Problem to solve: Every line below should be copied exactly; drop the pictures.

Supplied material:
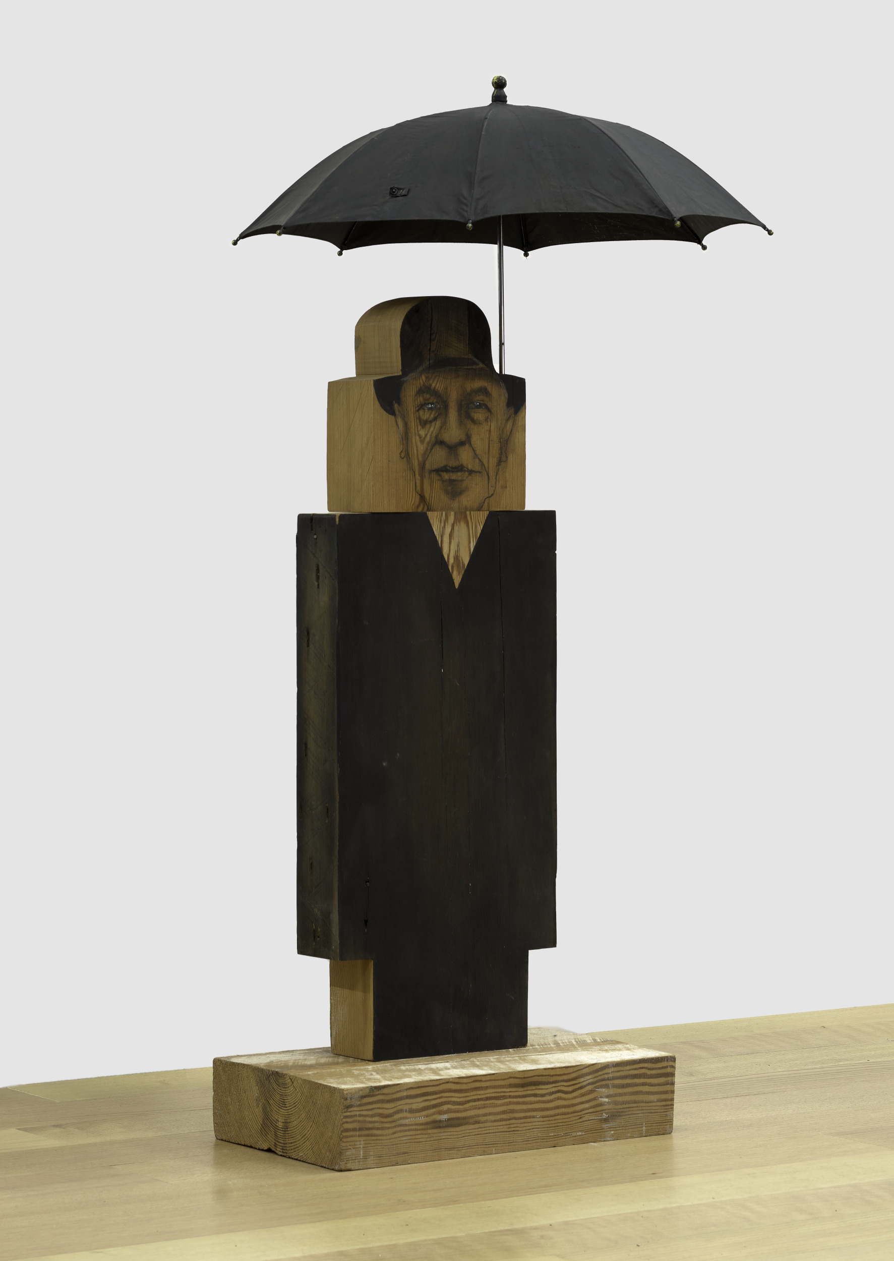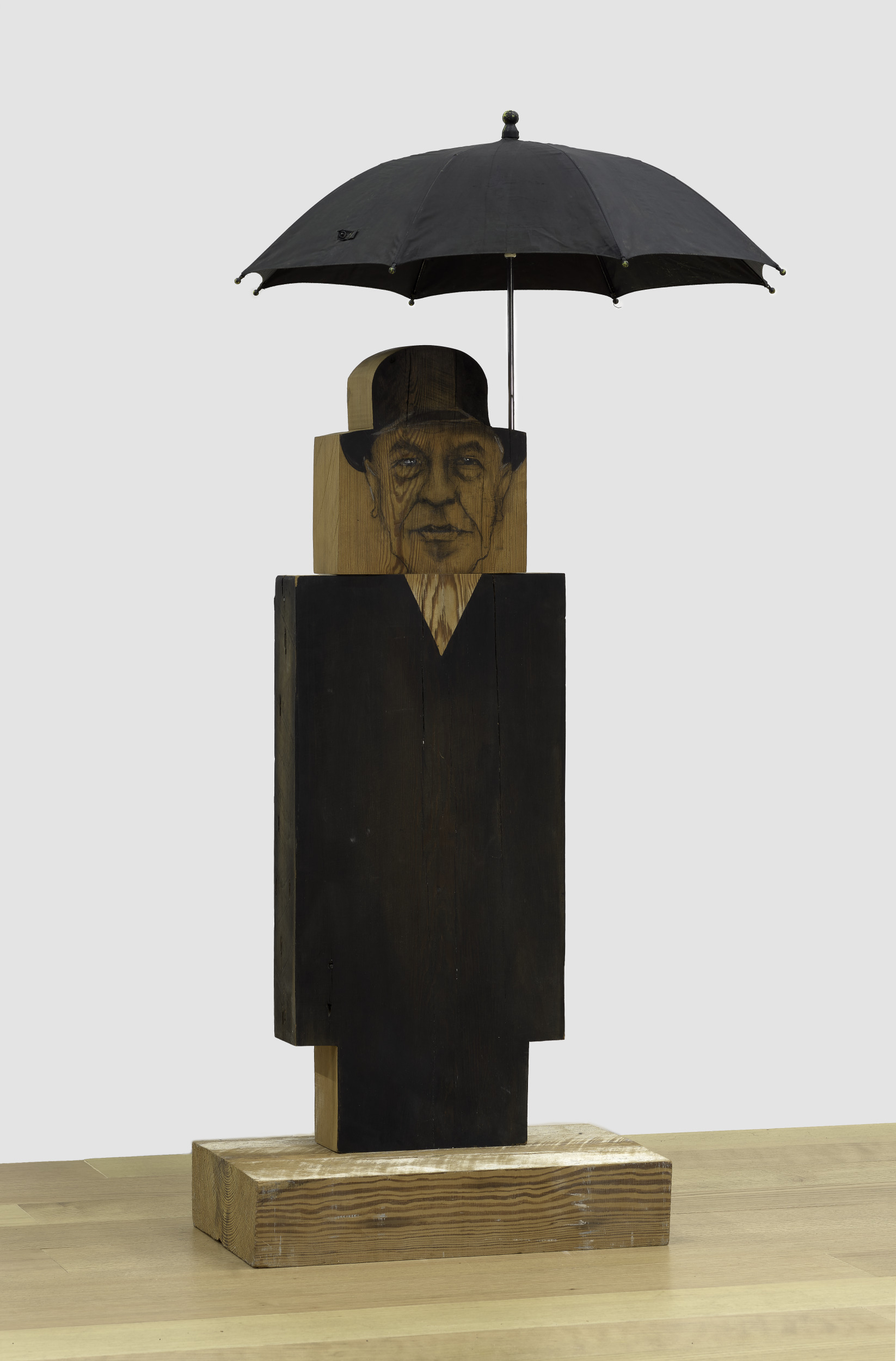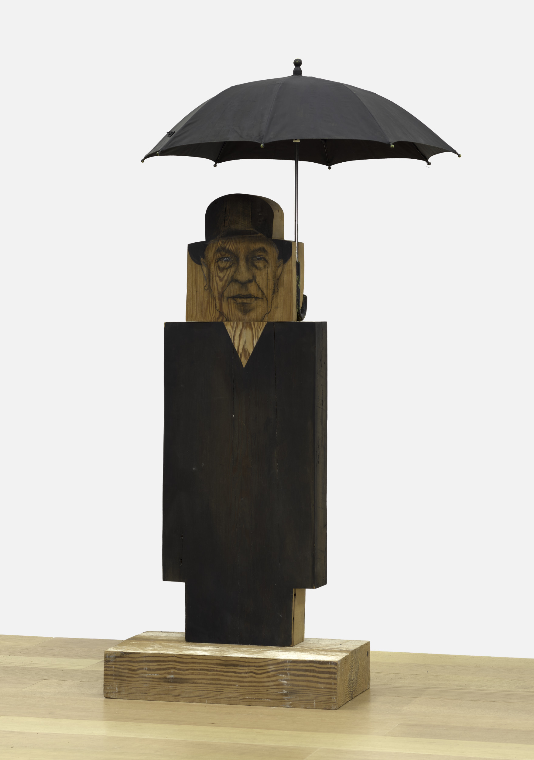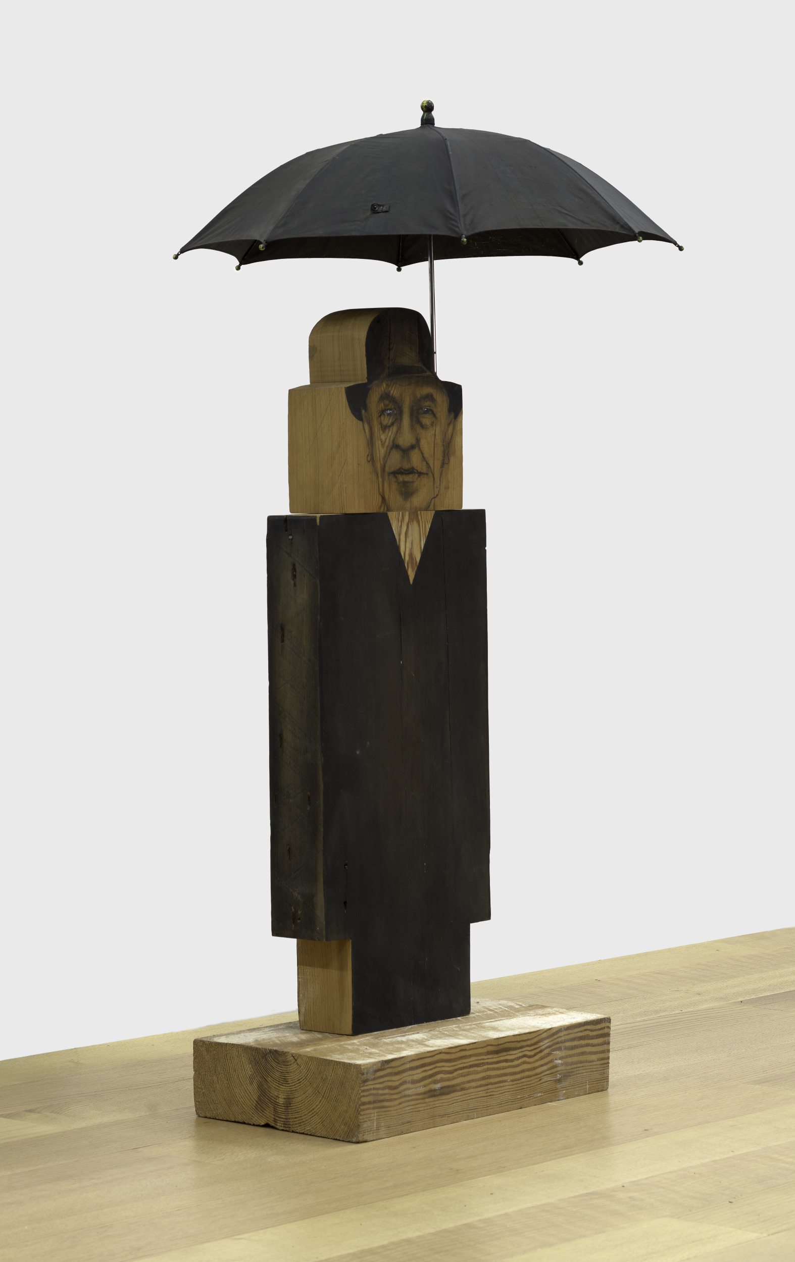oil, charcoal, wood, plaster, and umbrella
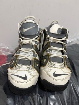 Zapatillas deportivas Nike Air More Uptempo en tonos grises y blancos. Un diseño icónico con detalles llamativos. originales, no las he usado mucho - Parte superior de cuero y malla. - Sistema de amortiguación visible. - Cierre con cordones.
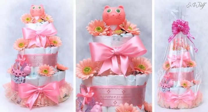 A cake made from different sized diapers is a rather creative gift, and a good help for young mothers and fathers, since nowadays diapers are not cheap, therefore such presents will be considered quite appropriate.
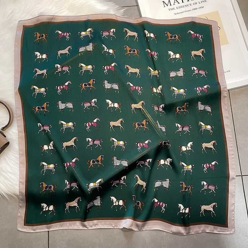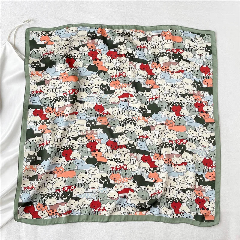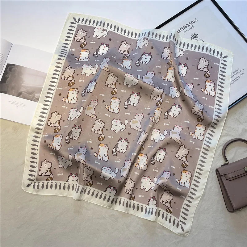 Luxury Hijab Silk Shawl and Wrap Cute Cat Print Scarf for Women Neckerchief Hair Band Wrist Headband Bandana 2023 Echarpe

Result:
oil, charcoal, wood, plaster, and umbrella
 Zapatillas deportivas Nike Air More Uptempo en tonos grises y blancos. Un diseño icónico con detalles llamativos. originales, no las he usado mucho - Parte superior de cuero y malla. - Sistema de amortiguación visible. - Cierre con cordones.
 A cake made from different sized diapers is a rather creative gift, and a good help for young mothers and fathers, since nowadays diapers are not cheap, therefore such presents will be considered quite appropriate.
 Luxury Hijab Silk Shawl and Wrap Cute Cat Print Scarf for Women Neckerchief Hair Band Wrist Headband Bandana 2023 Echarpe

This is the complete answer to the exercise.